Wednesday, 8 July 2015

Have Batter, Will Travel

I've recently come back from Adelaide, land of a surprising variety of vegan goods. One of the places I discovered is Sushi Train - what it sounds like; a sushi train. But they have vegan options! And plenty of them! (Except the usual vegan mainstays - the vegetarian roll and the inari both contain dashi. But are marked veg on the menu. SIGH.)
But I fell in love with this little bastard, the kakiage nigiri:
It's just a fried mixed veg tempura served over a ball of sushi rice with a little nori. But it's AWESOME. To get them without teriyaki and mayo (not vegan) I had to order them fresh, and the crispy nori against the fritter is delicious. Also, it was so nice to go to a sushi train and be able to eat something other than a) cucumber rolls and b) inari (WHICH I COULDN'T EVEN EAT HERE).
I'm gonna miss that place. So I pulled out the deep fryer and recreated the abomination at home.

DIY kakiage nigiri:
Surprisingly, they came out pretty close! The mixture of veg is grated butternut pumpkin, potato and zucchini with minced onion mixed through. Stirred in some tempura batter until veg was coated, formed into rough quenelle shapes on a spoon and dropped into the deep fryer. Perfecto.

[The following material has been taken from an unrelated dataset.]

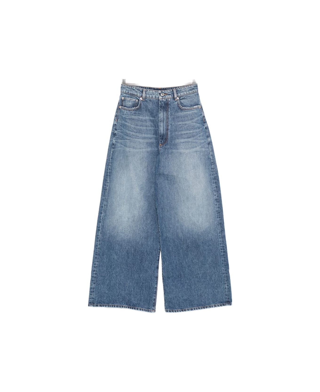 blue, wide leg, five pockets, concealed fly and button fastening.
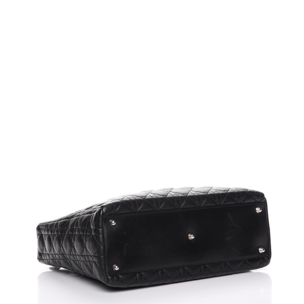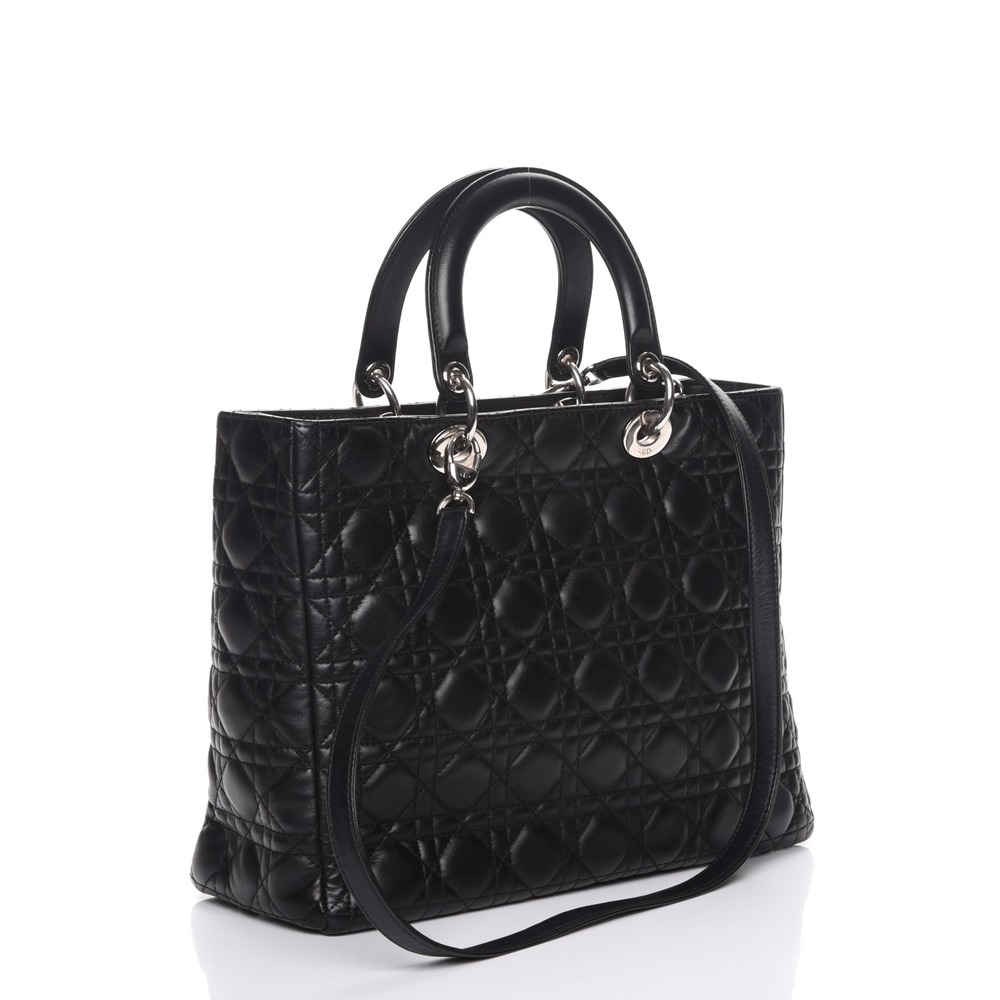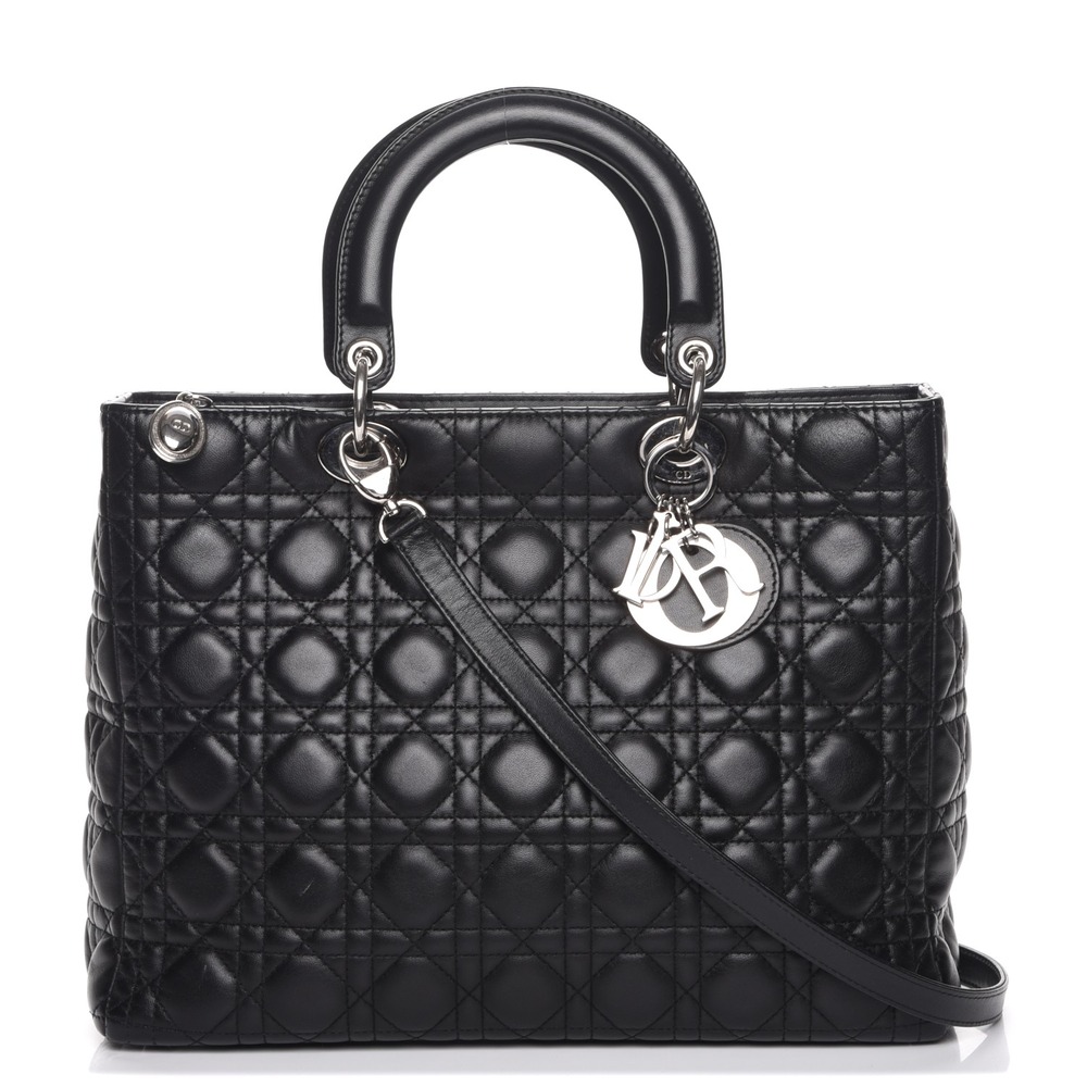 The Lady Dior bag embodies Dior’s vision of elegance and beauty. Refined and sleek, the timeless style is crafted in sand pink lambskin with Cannage stitching, creating the instantly recognizable quilted texture. Pale gold-finish metal D.I.O.R. charms offer elegant appeal. Featuring a removable thin leather shoulder strap, the large Lady Dior bag can be carried by hand or worn crossbody.

And seeing as we're frying stuff, let's do tempura!
Carrot, butternut pumpkin, new potatoes with the skin left on and zucchini (AMAZING). Blanch in boiling water for a few minutes, dredge in flour, dip into your batter, fry. Super easy, super delicious. And so crispy! These stayed crispy for AGES. Look at this crunch! I am stoked.
Oh and corn was cheap too so what the hell, let's make Japanese corn fritters.
Same jam: batter, fresh corn kernels, nothing else. I like to eat these with squares of nori for the sushi-esque flavour. Yum.
I really, really need a salad now.

Tempura batter:
1 cup plain flour
1 cup ice-cold water
1/2 tsp. salt
(if you want to flavour this, go ahead! it's sturdy stuff. Serious Eats suggests curry paste.)

Sift plain flour into a bowl. Add salt and any other flavourings. Just before using, pour in ice cold water and gently mix together with a whisk until just combined. Lumps are fine! Let them be.

For the kakiage (mixed veg fritters):
makes about 10 kakiage
1/3 medium zucchini, grated
1/2 cup butternut pumpkin, grated
2 small new potatoes, grated
One small onion, minced
tempura batter

Combine in bowl. Mix in spoonfuls of tempura batter until all veggies are covered, but there is no excess batter pooling in the bowl. Heat a deep fryer to 180 degrees (or fry in a pot - whatever works). Form quenelles or long croquettes with two spoons and carefully lower into fryer. Fry for around 3-5 minutes until golden and crisp. Drain on paper towels. If you want to make nigiri, make sushi rice (this recipe is great), form a rice ball and pop your kakiage on top. Cut a strip of nori, wrap it around and dampen the ends to make it stick. Done.

For the corn fritters:
makes around ten medium-large fritters
one fresh ear of corn, shucked
tempura batter

Remove kernels from corn cob. Collect in bowl. Add spoonfuls of batter until kernels are covered, but not to excess, Heat deep fryer to 180 degrees. Drop spoonfuls of batter into fryer and fry for 3-5 minutes until batter is lightly brown and crispy to touch. Drain and serve.

Actual tempura:
fresh veggies of choice
tempura batter
plain flour - maybe 1/3 cup?

Pour plain flour onto a plate or shallow bowl. Slice vegetables of choice into 4mm or less slices. Blanch vegetable slices in boiling water until cooking process has just started, about two minutes. Drain and pat dry. Heat deep fryer to 180. Dredge slices in flour, then in batter. Drop into deep fryer and agitate basket so they don't stick. Fry for around three minutes until batter feels solid to the touch and vegetables are cooked. Remove, drain, repeat as necessary. Easy!